Wednesday, November 12, 2008

The Decline and Fall (?) of the American Auto Empire

For three decades (yes, three) the American Auto Industry has been in decline. The pace of that decline accelerated four years ago when oil prices started to skyrocket and folks were looking to buy more dependable, fuel efficient vehicles--two things American cars historically are not. I bought my first Honda for two reasons: it was uber dependable and uber efficient in terms of fuel economy.

Two years ago, American auto dealers were reporting a steep decline of SUV sales (also known as a trend). Yet, Detroit kept making the leviathans for another two years: Hummers, Suburbans, Expeditions, et. al.

Couple this with outrageous compensation packages for employees. The current union contracts for autoworkers read something like this: work for 20 years, retire with pension, and FULL benefits including dental, health and eye insurance for THE REST OF YOUR LIFE-- oh, and that includes the fam, too. That means that if I had started working for an auto maker when I was 18, I'd be one year away from retirement. Man, oh man, did I pick the wrong gig! American auto makers are suffering from a lack of foresight and a lack of spine. Between 1998 and 2008 the auto industry paid over one half of a billion dollars for Washington lobbyists. Let's see that number again:

+ $500,000,000.00

The lobbying year 2007 accounts for almost 30 million alone. They've had to cut back a bit, you know, because of budgetary issues. "Researchers" of the auto industry claim that millions of American jobs will be affected by Detroit's demise (researchers= lobbyist groups). Ernst and Young, the lobbying group that works for Ford, also represents Exxon Mobile* and numerous financial corporations. Are you getting a picture here? Washington lobbyist groups are staying in the black by having their dirty fingers in numerous secunda mensas**. This is only one example. A good source for clear, unbiased information (i.e., charts and graphs without commentary) on how corporations are keeping Washington in their togas is:

I know that what happens to the American auto industry will affect [insert terrifyingly large number] hard-working, salt of the earth Americans. They shouldn't have to pay the price for decisions made by out of touch unions and corporate hierarchy. For that, my heart aches. But Americans will still buy cars, that they will drive, that need to be fixed and washed and fueled. So why do the augurs of Detroit's decline and fall predict millions of affected American workers? I get it, there's local businesses like restaurants, grocery stores, etc. But take a drive through the midwest sometime. There's LOTS of towns that just disappeared because jobs moved away, folks wanted their kids to get a good education (since where they were living had little to no property value) and TIMES CHANGED! Technology has improved and to support an American institution that would rather howl and throw rocks at the moon (and ask for more rocks, please) than adapt is an outrage.
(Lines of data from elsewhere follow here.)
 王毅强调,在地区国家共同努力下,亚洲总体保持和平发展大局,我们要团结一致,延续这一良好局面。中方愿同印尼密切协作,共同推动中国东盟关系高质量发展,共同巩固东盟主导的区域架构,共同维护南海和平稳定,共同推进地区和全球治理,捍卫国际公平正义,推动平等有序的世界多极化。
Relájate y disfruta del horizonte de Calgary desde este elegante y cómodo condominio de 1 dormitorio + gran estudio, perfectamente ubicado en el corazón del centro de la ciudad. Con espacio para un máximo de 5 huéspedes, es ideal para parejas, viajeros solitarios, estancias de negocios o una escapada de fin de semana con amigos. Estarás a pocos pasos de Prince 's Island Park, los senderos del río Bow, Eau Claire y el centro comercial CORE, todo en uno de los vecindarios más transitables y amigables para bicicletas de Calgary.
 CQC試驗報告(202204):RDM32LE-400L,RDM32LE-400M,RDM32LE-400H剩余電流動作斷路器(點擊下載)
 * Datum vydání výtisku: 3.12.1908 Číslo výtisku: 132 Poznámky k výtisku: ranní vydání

Perhaps, if ANOTHER outrageous bail-out of the auto makers is passed (they've had several), we should all contact our congresswomen and men to raise Hades about where that money goes. It should NOT line the pockets of lobbying groups any more than it should provide a gentle glide to safe ground via golden parachute for incompetent CEOs who have stood by and WATCHED while Detroit fell. (Perhaps, think of them as Nero.)

I am so sick of seeing Sarah Palin on the TV (muting, covering of the ears, resisting the urge to stab self in the eye). Why isn't the news media doing ANYthing other than talking about politicians? The election is over. Democracy cut off one of the Hydras heads. Sadly many more have grown in its place. One them I affectionately call "Sarah" (for sentimental reasons).
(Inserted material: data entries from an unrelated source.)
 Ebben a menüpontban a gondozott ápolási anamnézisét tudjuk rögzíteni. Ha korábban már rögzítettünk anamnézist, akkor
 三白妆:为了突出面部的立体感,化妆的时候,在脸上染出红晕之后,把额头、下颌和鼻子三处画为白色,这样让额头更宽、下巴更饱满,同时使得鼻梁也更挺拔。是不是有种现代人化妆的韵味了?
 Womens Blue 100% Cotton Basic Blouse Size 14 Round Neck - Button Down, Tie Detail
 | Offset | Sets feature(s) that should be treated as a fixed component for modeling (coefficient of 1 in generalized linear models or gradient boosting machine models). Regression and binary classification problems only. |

So while many of us are trying to keep our togas on our backs, think fondly of our Washington lobbyists (for if we bail them out, we own them too), participating in an orgy of excess and greed with corporate CEOs and crooked politicians with Bacchanalian abandon. Saluté!

*Check the June 2008 Supreme Court ruling in the Exxon Valdez trial that affected thousands of Alaskan tax payers, Gov. Palin.

**Latin for sweet desert or pies.


skyewriter November 12, 2008 at 9:30 PM  

I think I fixed the problem with the comments section: we'll see.